Tubular toxicity of proteinuria and the progression of chronic kidney disease.

机构信息

Department of Biomedical Sciences, School of Medicine, Nazarbayev University, Astana, Kazakhstan.

Department of Medicine, School of Medicine, Nazarbayev University, Astana, Kazakhstan.

出版信息

Nephrol Dial Transplant. 2024 Mar 27;39(4):589-599. doi: 10.1093/ndt/gfad215.

DOI:10.1093/ndt/gfad215
PMID:37791392
Abstract

Proteinuria is a well-established biomarker of chronic kidney disease (CKD) and a risk predictor of associated disease outcomes. Proteinuria is also a driver of CKD progression toward end-stage kidney disease. Toxic effects of filtered proteins on proximal tubular epithelial cells enhance tubular atrophy and interstitial fibrosis. The extent of protein toxicity and the underlying molecular mechanisms responsible for tubular injury during proteinuria remain unclear. Nevertheless, albumin elicits its toxic effects when degraded and reabsorbed by proximal tubular epithelial cells. Overall, healthy kidneys excrete over 1000 individual proteins, which may be potentially harmful to proximal tubular epithelial cells when filtered and/or reabsorbed in excess. Proteinuria can cause kidney damage, inflammation and fibrosis by increasing reactive oxygen species, autophagy dysfunction, lysosomal membrane permeabilization, endoplasmic reticulum stress and complement activation. Here we summarize toxic proteins reported in proteinuria and the current understanding of molecular mechanisms of toxicity of proteins on proximal tubular epithelial cells leading to CKD progression.

摘要

蛋白尿是慢性肾脏病 (CKD) 的一个既定生物标志物,也是相关疾病结局的风险预测因子。
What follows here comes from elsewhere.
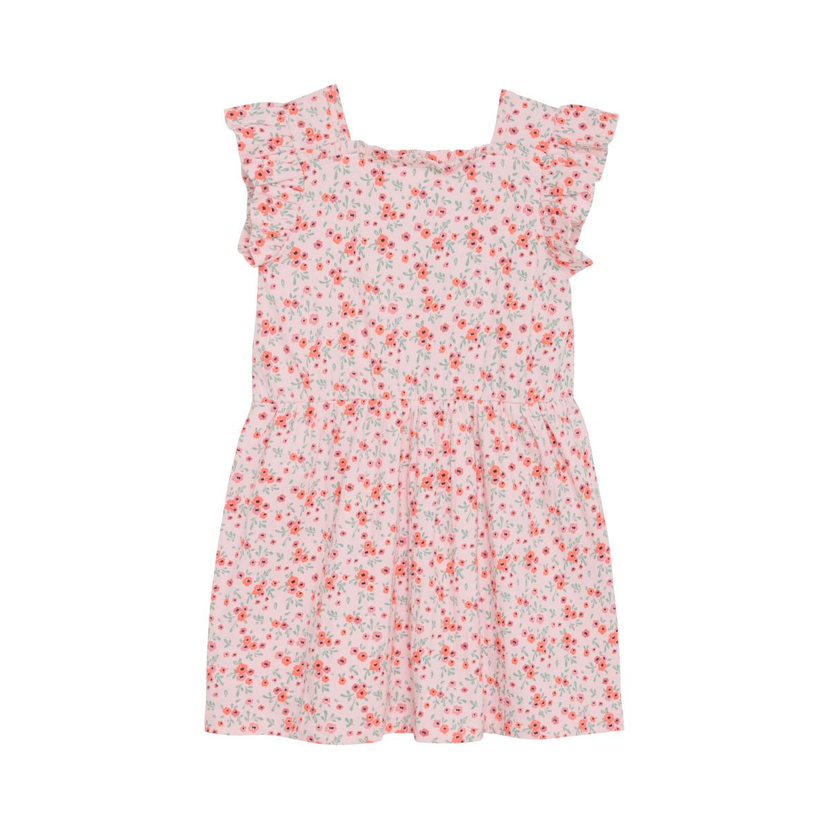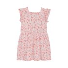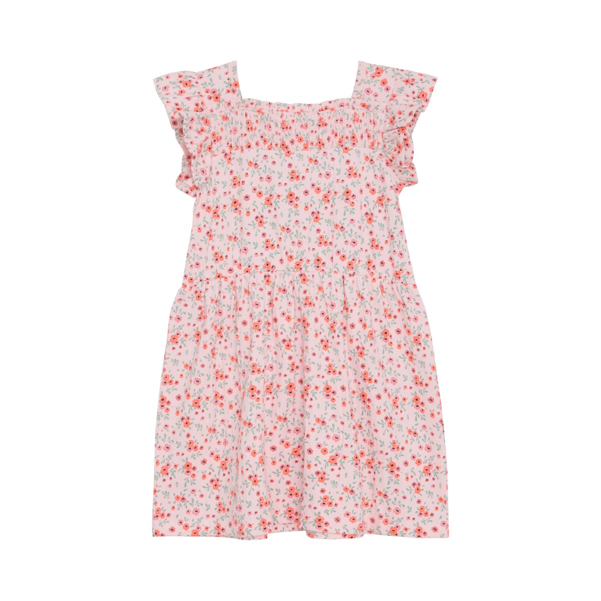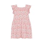 Nice short-sleeved dress with allover print from Minymo. The dress is made in a comfortable cotton blend and has a nice summery floral print all over. Large ruffles and a smock detail at the front give a nice look.

蛋白尿也是 CKD 向终末期肾病进展的驱动因素。滤过蛋白对近端肾小管上皮细胞的毒性作用增强了肾小管萎缩和间质纤维化。蛋白尿期间导致肾小管损伤的蛋白毒性的程度和潜在的分子机制尚不清楚。然而,当白蛋白被近端肾小管上皮细胞降解和重吸收时,它会产生毒性作用。总的来说,健康的肾脏会排泄超过 1000 种不同的蛋白质,当这些蛋白质被滤过和/或过量重吸收时,可能对近端肾小管上皮细胞造成潜在的伤害。蛋白尿可通过增加活性氧、自噬功能障碍、溶酶体膜通透性、内质网应激和补体激活来导致肾脏损伤、炎症和纤维化。在这里,我们总结了蛋白尿中报道的毒性蛋白,以及目前对导致 CKD 进展的蛋白质对近端肾小管上皮细胞毒性作用的分子机制的理解。